Problem Statement
Most stock de-facto is non-voting either due to the low ownership percentage (which doesn’t move a needle), or due to the super-voting shares.
Asset managers may accumulate enough shares to vote meaningfully, but this voting is not necessarily in the best interests of their individual constituents.
But usually voting is just a formality, and the real voting is buying or selling stock.
Small shareholders have no say in management appointment or compensation.
Actually
On a bright side, those growth companies’ CEOs/execs with real votes (either via stock ownership or supervoting) are not abusing their rights and keep the cash compensation portion of their remuneration packages low or near zero.
The inability of major shareholders to replace the C-suite when things go terribly wrong in a firm can bury the company, so the CEO’s altruism is not the universal solution.
Super-Voting Stock benefits
Long-term outlook requires saying no to short-term pressures.
Protecting high risk tolerance when some Board members don’t share it. [MK: which is quite fascinating because it’s the Board’s job to set the company’s risk appetite and tolerance.]
Some managers have contrarian view of the future, and investors expect that median investors (including them) may misunderstand the strategy at the very wrong time.
Risk and Long-term Thinking
It’s not proven that investors have a shorter-term outlook than managers. Especially in startups VCs’s idea of maximizing the portfolio’s value is not necessarily the one of founders.
Risk tolerance should be managed by investors, not the firm. Buy/sell to the comfort point.
Being a contrarian (which is needed for reaching the monopoly status) requires making decisions that investors (via a Board) would try to reverse [MK: it’s a simplification of how shareholders can try interfering into the firm’s business, but let’s just roll with it.] So, a good working strategy is to observe, but NOT interfere.
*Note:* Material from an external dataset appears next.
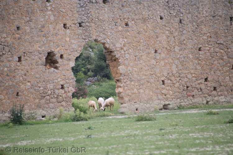 Schafe weiden innerhalb der Mauern der byzantinischen Kaserne

It makes sense to investors to give CEOs more power of making very risky decisions, as CEOs are full-in, and investors can diversify. This is also due to the people having different expectations of future risks
Media businesses are known for having dual class share structure to maintain their “integrity” (leading to an echo chamber, for which subscribers happily pay) or to maintain the distribution channels composition and development.
Conclusions
Companies exist because their founders figured out something others didn’t understand.
Founder CEOs are better at building a future than explaining it.
Sometimes a looter CEO is better for shareholders than a risk-hungry CEO spending money on bad initiatives.
Voting is a ritual legitimizing the outcome, but individual vote is all but meaningless.